I have the following code snippet where I'm picking up a file from an FTP server and then streaming it to OpenCSV. I have very little experience with streams, so I'd like to have someone review this code for efficiency. I use this on the cloud, so I/O and memory efficiency is important. Generally my CSV files consist of a few hundred thousand records each.

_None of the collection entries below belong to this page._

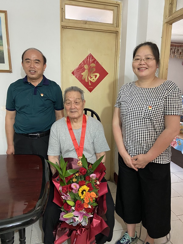 院领导来到离休干部刘杰山、谢仲春两位老同志家中,看到他们身体硬朗、精神矍铄,深感欣慰,并向他们颁发了“光荣在党50年”纪念章,同时致以亲切问候和崇高敬意。两位老党员表示倍感光荣神圣,感谢院党委的关心关怀,要继续为党的事业奉献智慧和力量。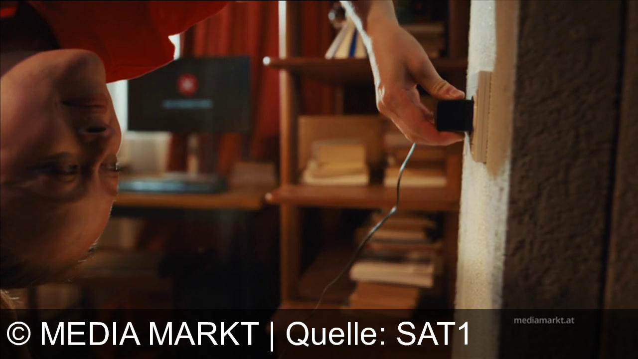 Ein Mensch hängt kopfüber, während eine Hand einen Stecker in die Steckdose steckt. Im Hintergrund stehen ein Bücherregal und ein Schreibtisch mit einem Monitor. Auf dem Bildschirm steht "mediamarkt.at".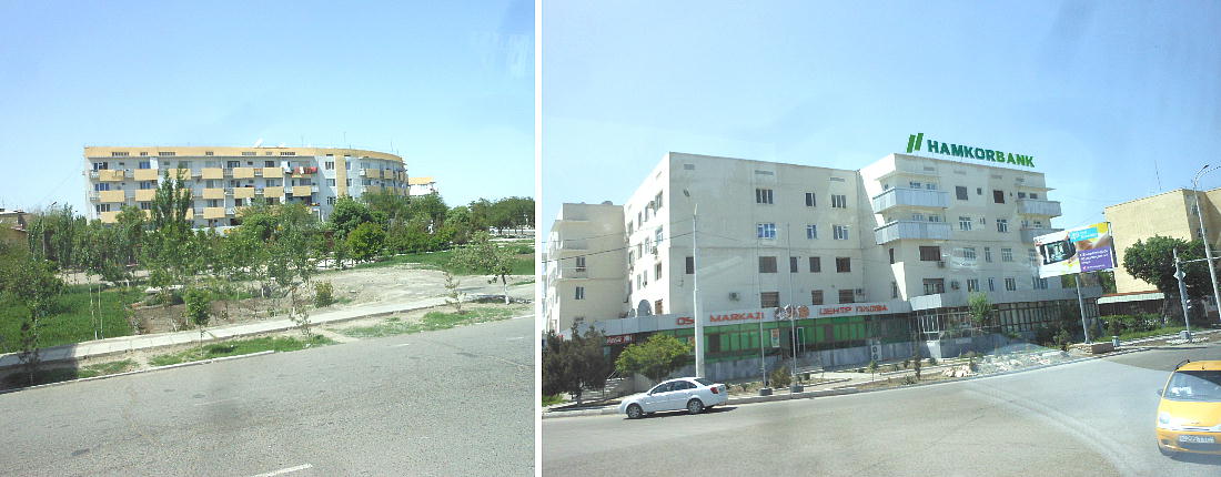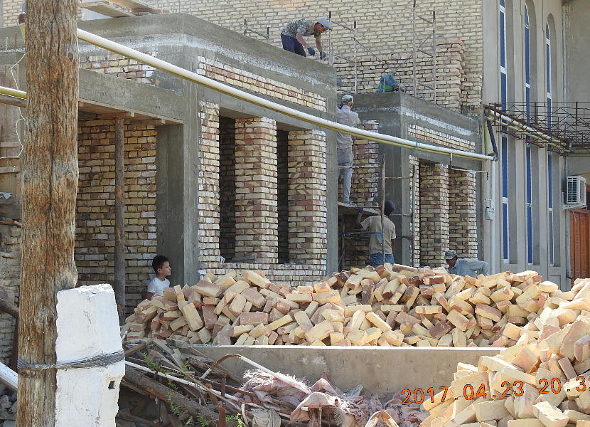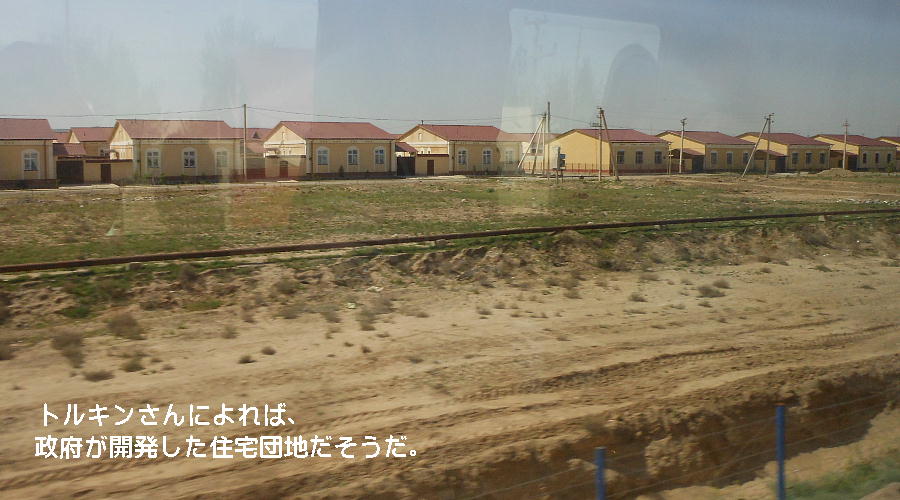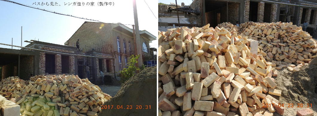 バスの車中から見た、ウズベキスタン住宅の建設現場。柱や鉄骨が在るようには見えない。全部レンガだ。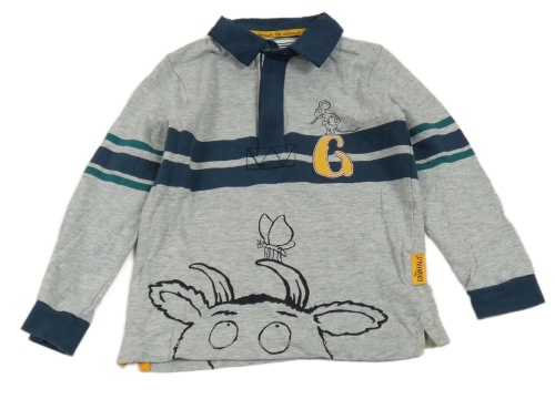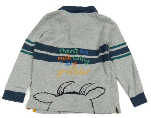 Šedo-tmavomodré polo mikinotriko s pruhmi a Gruffalem Tu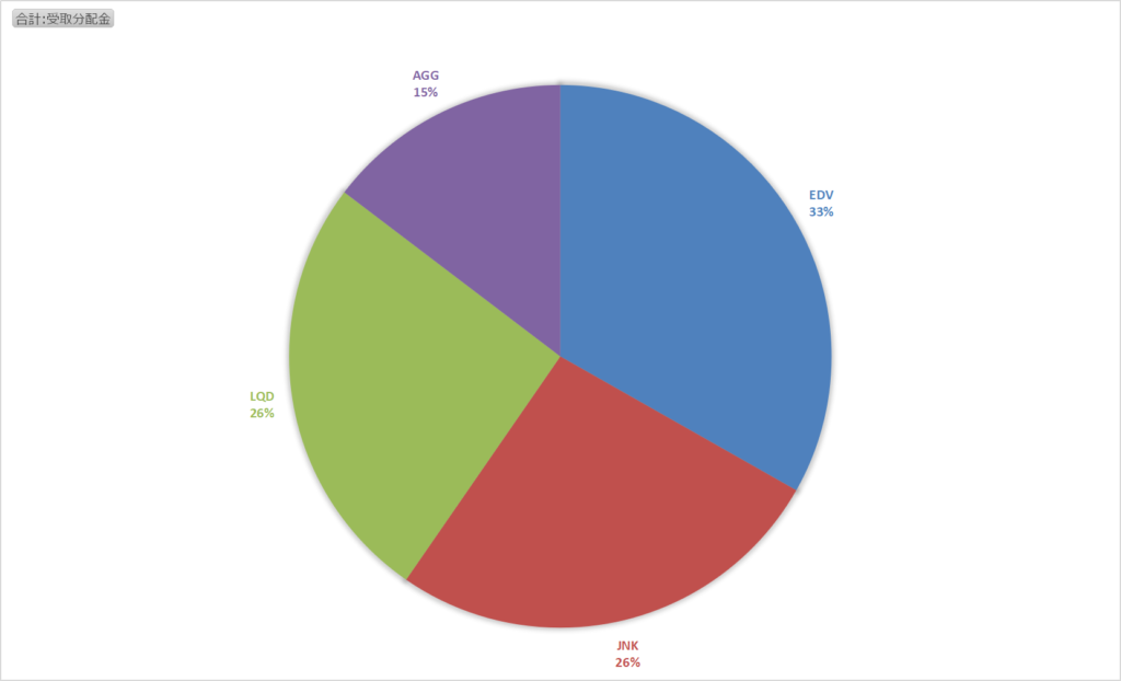 下のグラフは米国債券ETFの銘柄別の受取分配金の割合です。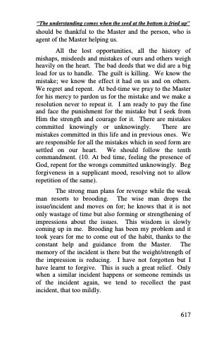 All the lost opportunities, all the history of mishaps, misdeeds and mistakes of ours and others weigh heavily on the heart. The bad deeds that we did are a big load for us to handle. The guilt is killing. We know the mistake; we know the effect it had on us and on others. We regret and repent. At bed-time we pray to the Master for his mercy to pardon us for the mistake and we make a resolution never to repeat it. I am ready to pay the fine and face the punishment for the mistake but I seek from Him the strength and courage for it. There are mistakes committed knowingly or unknowingly. There are mistakes committed in this life and in previous ones. We are responsible for all the mistakes which in seed form are settled on our heart. We should follow the tenth commandment. (10. At bed time, feeling the presence of God, repent for the wrongs committed unknowingly. Beg forgiveness in a supplicant mood, resolving not to allow repetition of the same).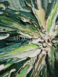 Green Koi is a striking piece. Done with oil on canvas, this emerald beauty will captivate your imagination on a daily basis.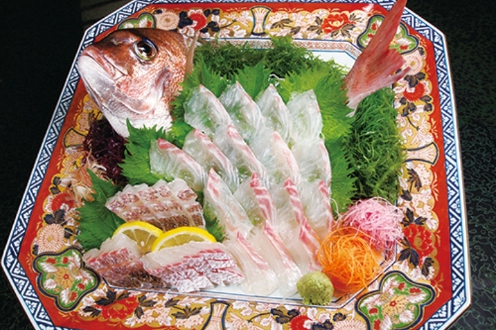 Omakase kaiseki features live fish and other ingredients selected by the chef's discerning eye and served with the chef's sensibility. (with live fish sashimi)
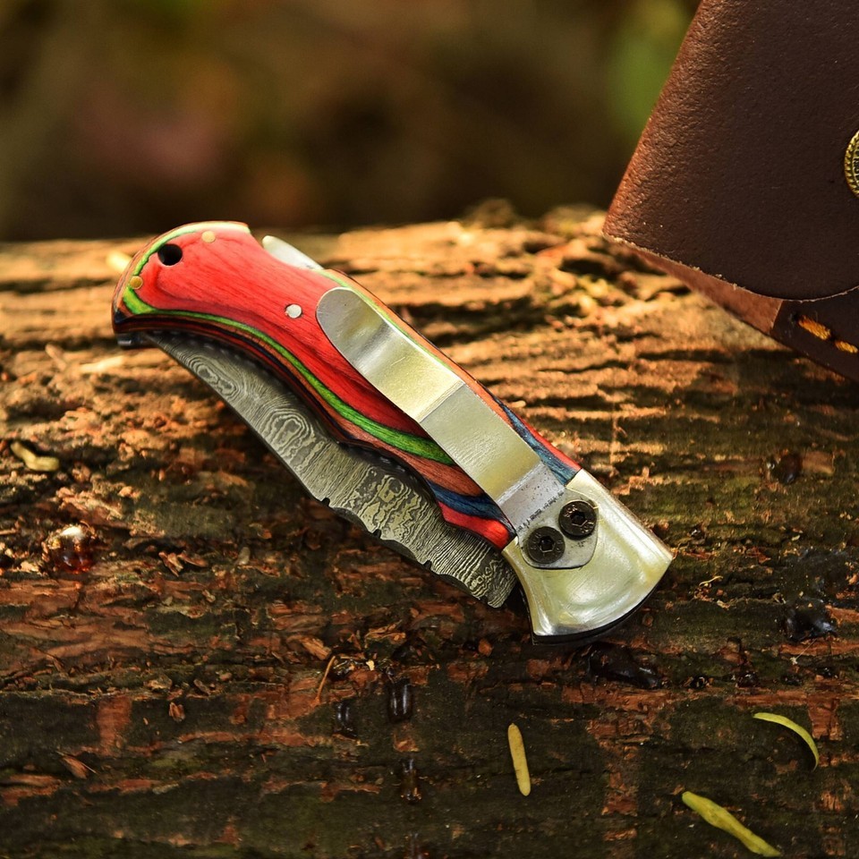Handmade Damascus Folding Blade Pocket Tactical Knife with Belt clip & Sheath

public InputStream getData(ImportTask importTask) throws IOException {
//FTP Connection code
try {
//enter passive mode
ftp.enterLocalPassiveMode();
if (!ftp.setFileType(FTP.BINARY_FILE_TYPE)) {
System.out.println("Setting binary file type failed.");
}
ByteArrayOutputStream output = new ByteArrayOutputStream();
String file = importTask.isZipfile() ? importTask.getZipFilename() : importTask.getFilename();
ftp.retrieveFile(file, output);
InputStream inputStream = new ByteArrayInputStream(output.toByteArray());
if (importTask.isZipfile()) {
inputStream = importUtils.getZipData(new ZipInputStream(inputStream), importTask.getFilename());
}
ftp.logout();
ftp.disconnect();
return inputStream;
} catch (FileNotFoundException ex) {
throw new Exception(ex);
}
}
OpenCSV to POJO
InputStream is;
try {
is = dataSource.getData(importTask);
} catch (IOException ex) {
logger.error(ex.getMessage());
{
}
final HeaderColumnNameTranslateMappingStrategy<MyObject> strategy = new HeaderColumnNameTranslateMappingStrategy<>();
strategy.setType(MyObject.class);
strategy.setColumnMapping(columnMappings);
final CsvToBean csv = new CsvToBean();
List list = csv.parse(strategy, new InputStreamReader(is));
for (Object object : list) {
MyObject myObject = (MyObject) object;
//Do something
}
1 Answer 1
Switch to uniVocity-parsers as it is twice as fast as OpenCSV and the input is read in parallel.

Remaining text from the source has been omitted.